Index Images with ColPali: Multi-Modal Context Engineering

August 12, 2025 · 7 min read

CocoIndex Maintainer

Colpali

We’re excited to announce that CocoIndex now supports native integration with ColPali — enabling multi-vector, patch-level image indexing using cutting-edge multimodal models.

With just a few lines of code, you can now embed and index images with ColPali’s late-interaction architecture, fully integrated into CocoIndex’s composable flow system.

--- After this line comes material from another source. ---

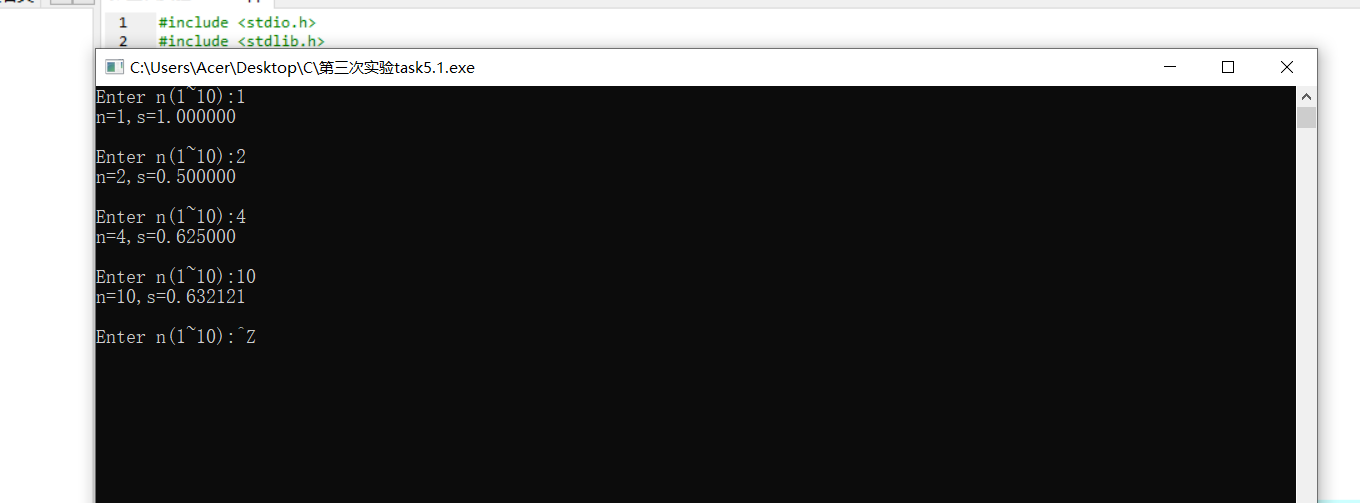 #include <stdio.h> #include <stdlib.h> #include <math.h> double fun(int n); int main() { int n; double s; printf("Enter n(1~10):"); while(scanf("%d",&n)!=EOF) { s=fun(n); printf("n=%d,s=%f\n\n",n,s); printf("Enter n(1~10):"); } return 0; } double fun(int n) { int i,p=1; double sum; for(i=1;i<=n;i++) { p=p*i; sum=1.0/(p*pow(-1,(i+1)))+sum; } return sum; }
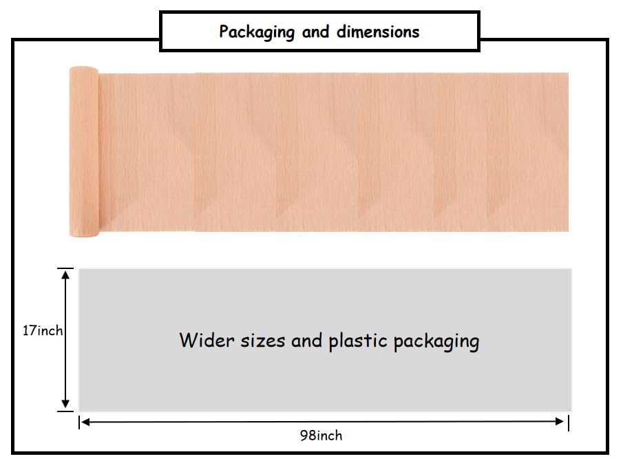 Length: 8.2 feet/2.5 meters; Width: 17 inches/43 cm; Compared with our peers, we will use OPP bags for packaging to ensure that the product is delivered to your hands without wrinkles

Star CocoIndex on GitHub if you like it!

Why ColPali for Indexing?

ColPali (Contextual Late-interaction over Patches) is a powerful model for multimodal retrieval.

It fundamentally rethinks how documents—especially visually complex or image-rich ones—are represented and searched. Instead of reducing each image or page to a single dense vector (as in traditional bi-encoders), ColPali breaks an image into many smaller patches, preserving local spatial and semantic structure. Each patch receives its own embedding, which together form a multi-vector representation of the complete document.

colpali architecture

Colpali's Architecture - Source: ColPali

Fine-Grained Visual Search:
- Each image is split into a grid (commonly 32x32, generating 1,024 patches per page), and every patch is embedded with contextual awareness of both visual and textual cues.
- During search, user queries are also broken down into token embeddings, allowing matching of specific textual tokens to the most relevant image patches. This supports matching at a much finer spatial and semantic granularity than single-vector models.
Preservation of Spatial and Semantic Structure:
- Traditional methods collapse document images into global vectors, losing vital layout and region-based context. ColPali’s patch embeddings retain spatial relationships and can localize query matches (e.g., finding a diagram in a manual or a table on a form), making the search results more accurate and interpretable.
High Recall Across Object-Rich Scenes:
- Scenes with multiple objects, dense text, graphics, or mixed content benefit because the model does not “forget” small but important regions. Each patch is individually considered, reducing the likelihood of missing relevant information even in visually cluttered pages.
Advanced Search Strategies (Late Interaction & MaxSim):
- ColPali leverages the late interaction (LI) paradigm, inspired by ColBERT, where query tokens are compared against all patch embeddings from a document. The MaxSim operation keeps only the maximum similarity score for each query token, then sums these for the final relevance score. This enables precise, interpretable, and efficient retrieval, handling both large-scale searches and nuanced queries.
- The use of LI also reduces the computational burden at query time by avoiding up-front dense cross-attention or joint encoding, making retrieval both fast and accurate.
Bypassing Traditional OCR Pipelines:
- Because images are processed natively, there is no need for error-prone text extraction or segmentation steps, boosting speed and end-to-end efficiency. This approach can also capture visual elements that OCR skips, such as charts, drawings, or logos.
Scalability and Storage Efficiency:
- Compression schemes such as quantization and pruning (Hierarchical Patch Compression, HPC-ColPali) can further shrink storage needs and speed up similarity computation, allowing ColPali-based systems to scale to billions of documents or on-device retrieval without losing accuracy.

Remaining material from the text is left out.